One thing I do remember from my first trip to Cirencester, as a small boy, was this intriguing door in this curving Cotswold Stone wall with this towering Yew hedge behind  it. What it is, is the town entrance to Cirencester Park. It’s not a park in the city sense, a place where people can go and relax and enjoy some natural surroundings, but the 14,500 acre estate of the Earl and Countess Bathurst. Beyond the wall is their, very grand house, surrounded by formal gardens and beyond that the ‘park’ with farms, no less than SIX polo fields, a cricket ground, woodlands etc.etc.etc…. The door is a nice shade of green, it’s the estate colour. If there isn’t a green on the Farrow & Ball paint chart called Cirencester Park, there should be. All the farms and other buildings in the park will have their woodwork painted in it And I’d noticed it on buildings in the town as well. The estate seems to own quite a bit of Cirencester town as well. 

In case you are wondering, 14,500 acres of prime Cotswolds countryside doesn’t come cheap. And the house isn’t one of those occupied by a struggling aristocrat trying to keep the roof of their country pile watertight and having to open it to the public to make ends meet. It’s not open to the public. I imagine that the Earl and Countess are ‘comfortable’. 

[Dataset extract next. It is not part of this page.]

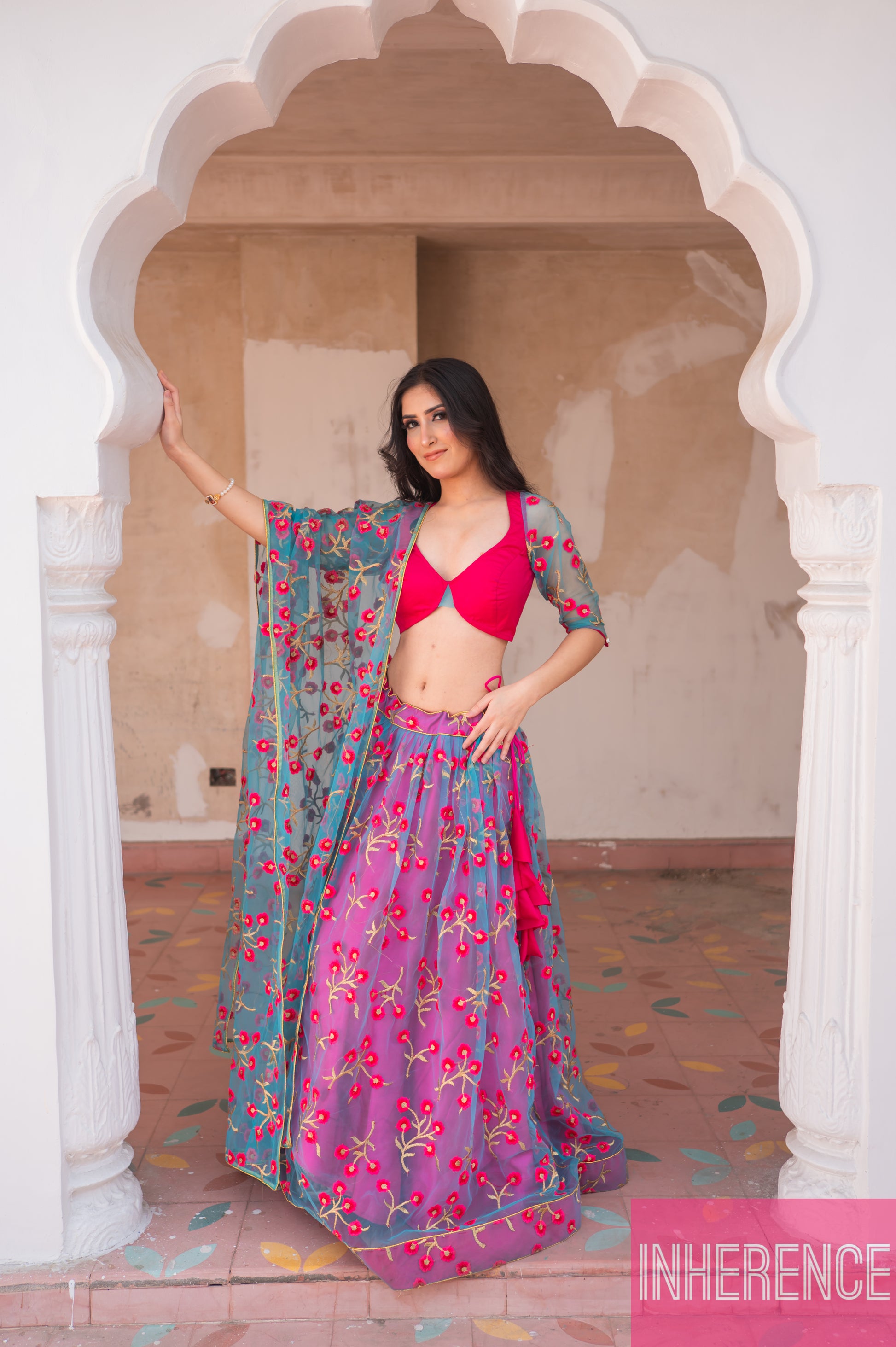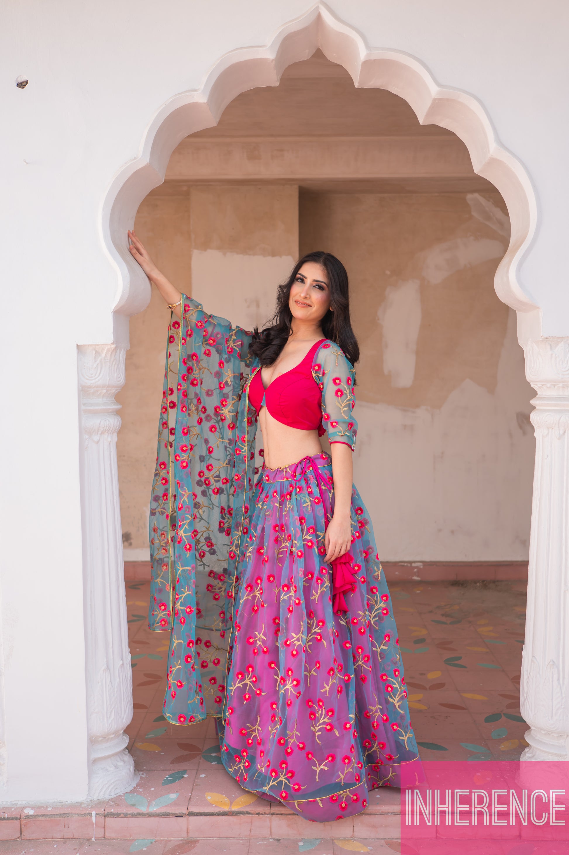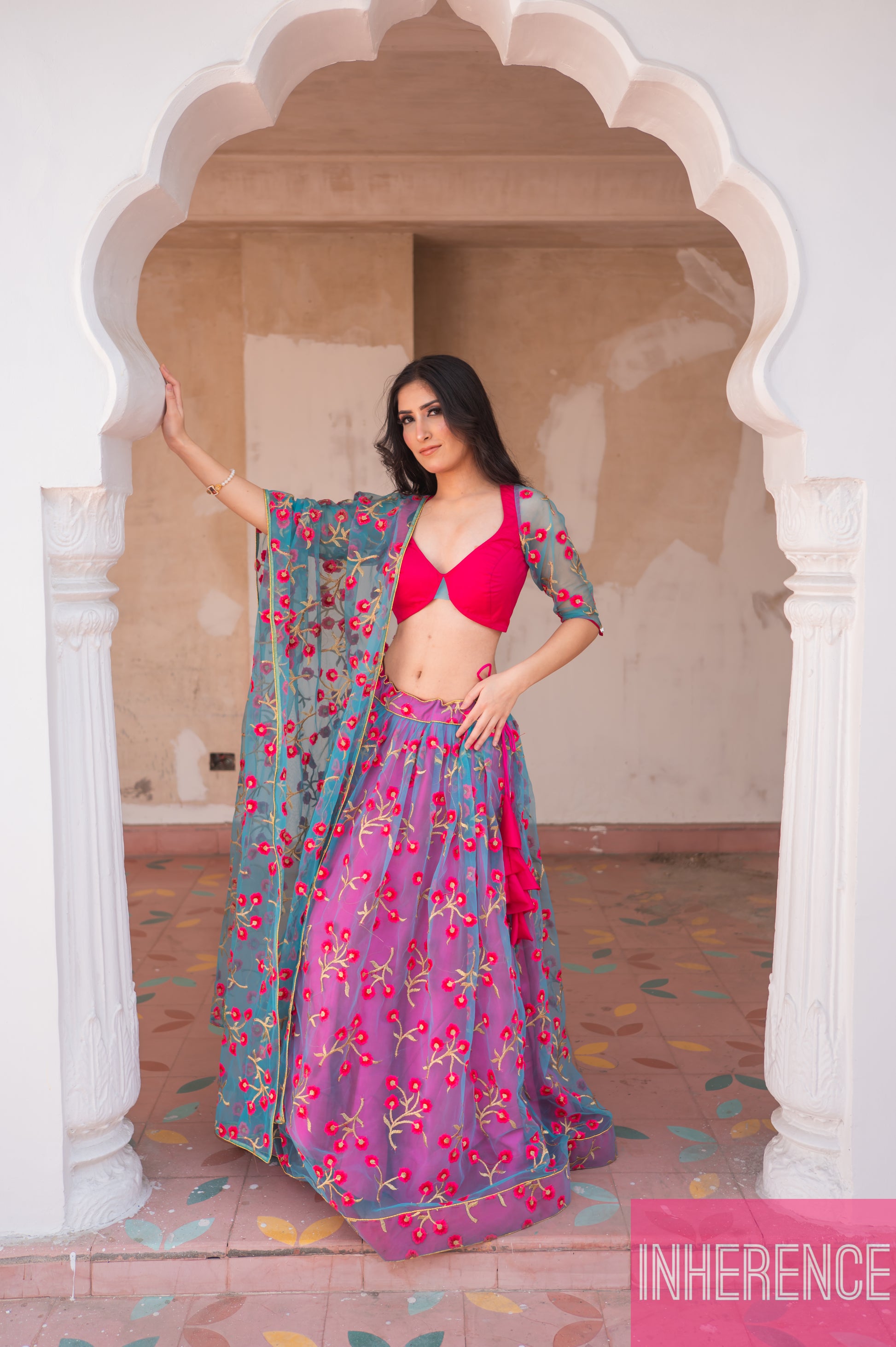 Blue Pink Contrast lehenga

Some of the park is open to the public providing you behave yourself. No picnics, no lighting fires and the like. But you are allowed to walk in some parts and your dog is allowed in as well (Earls and Countesses, indeed Queens, are very fond of dogs in the UK. To get to the part you can walk in you have to go along Cicely Hill, a street that runs from the centre of town to Cirencester Park. I noticed that ALL the houses on it were painted in Cirencester Park green. And very nice they all are as well. All owned by the estate. If one comes free, you could rent it. One of the little cottages was up for rent (checked on the Internet) for £600 a month which compares favourably with apartments in central Manchester. I doubt if the estate would consider selling though. I likes how all the people in the cottages had created this long, potted garden on the street, full of summer colour. 

Once you are in the park proper, you are confronted with this view of a long tree lined avenue disappearing into the distance. I wanted to see what was beyond the horizon in the distance. I imagined a stunning view across the Cotswolds and across the Severn Valley with the mountains of Wales in the distance. But it was nearly 5pm and the park closes to the public at that time so I had to turn back.

Here’s the view back towards town which frames the imposing church in the centre.

The next morning I went back to see the view. When I got to the point I’d seen in the distance this was the view! Same as yesterday but further from the town. Some other walkers who live in Cirencester told me it goes on for 5 miles!